One day, perhaps, the nationaledia might admit that they were taken in by the purveyors of the Néw Orleans story. Or maybe they will keep saying the same things again and again, without regard to facts.
Mike Deshotels, veteran educator, blows up the carefully manufactured tale of success by privatization. What a lesson for the nation: close down every public school; turn every school into a privately managed charter school; fire every experienced teacher and replace with a fresh college graduate with give weeks of training. Is this the formula for success in any other nation? No.
Deshotels writes that:
“The Louisiana Department of education has just released the results of the state accountability testing called LEAP and ILEAP. The report includes a percentile ranking of each of the public school systems in the state according to the performance of their students in math, and english language arts. The latest student testing results and these percentile rankings demonstrate the appalling academic performance of the Louisiana Recovery District (The RSD results are given near the bottom of the chart). After more than eight years of state takeover and conversion of public schools in Louisiana into privately run charter schools, even the most ardent promoters of this radical privatization experiment can no longer hide its spectacular failure.”
“The latest state testing results in this official LDOE report now ranks the New Orleans Recovery District at the 17th percentile among all Louisiana public school districts in student performance. By the state’s own calculations, this means that 83 percent of the state’s school districts provide their students a better opportunity for learning than do the schools in New Orleans that were taken over and converted into charter schools. Considering the fact that a special law was passed for New Orleans that allowed the state to take over, not just failing schools, but any school performing below the state average at that time, this 17th percentile ranking places the New Orleans takeover schools just about where they were before the takeover.
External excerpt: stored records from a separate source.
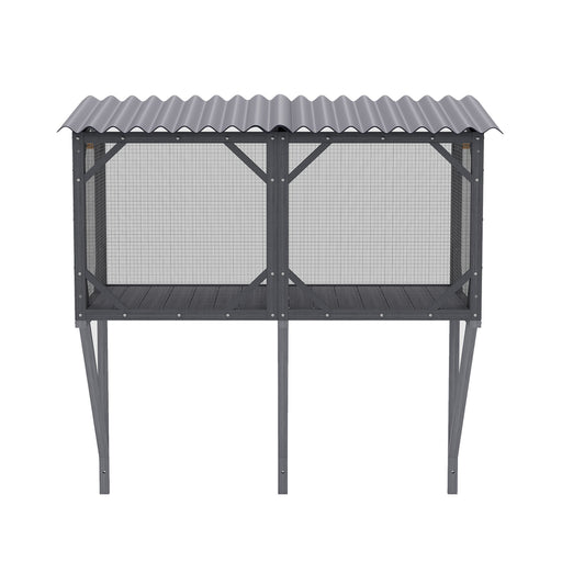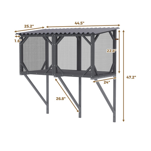 Spacious Wooden Cat Catio Outdoor Kitty House With Bridges And Roof Cover - Gray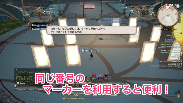 アストリドに話しかけたら、旧市街の指定地点にいるモーグリ達を探し出します(それぞれ幻術士ギルド、園芸師ギルド、槍術士ギルドの近く)。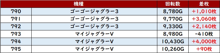 更に「ゴージャグ3~マイジャグ5 790~795」が6台中5台がプラス差枚に!

But in addition, the schools taken over by the Recovery District in Baton Rouge and other areas are now ranked at the 2 percentile and 0 percentile levels respectively, after 6 years of state and charter school control. That means that these two portions of the Louisiana Recovery District are absolutely the poorest performers on the state accountability testing. In two of the schools run by the RSD, the academic results and the enrollments had deteriorated so much that the Recovery District has recently given them back to the local school school board systems. This latest move apparently violates the whole premise behind the RSD.”
Despite these facts, why does the media continue to praise this failed experiment?
It’s not a failed experiment. The goal was to privatize, not increase test scores. They did that. So by their standards, New Orleans is wildly successful. They. Don’t. Care. About. You.
Totally agree.
When any politician says, “This is the BEST thing that has happened to New Orleans Public Schools.” ALWAYS FOLLOW the $$$$$. It’s a SCAM.
No Public School Left Behind!
Money talks, results don’t. Plantation mentality strikes again? Is it any wonder that the leaders in this effort to create privately run charter (plantation) schools are the former slave states?
Interesting point.
If only that were true: what about DC, Philadelphia, Newark?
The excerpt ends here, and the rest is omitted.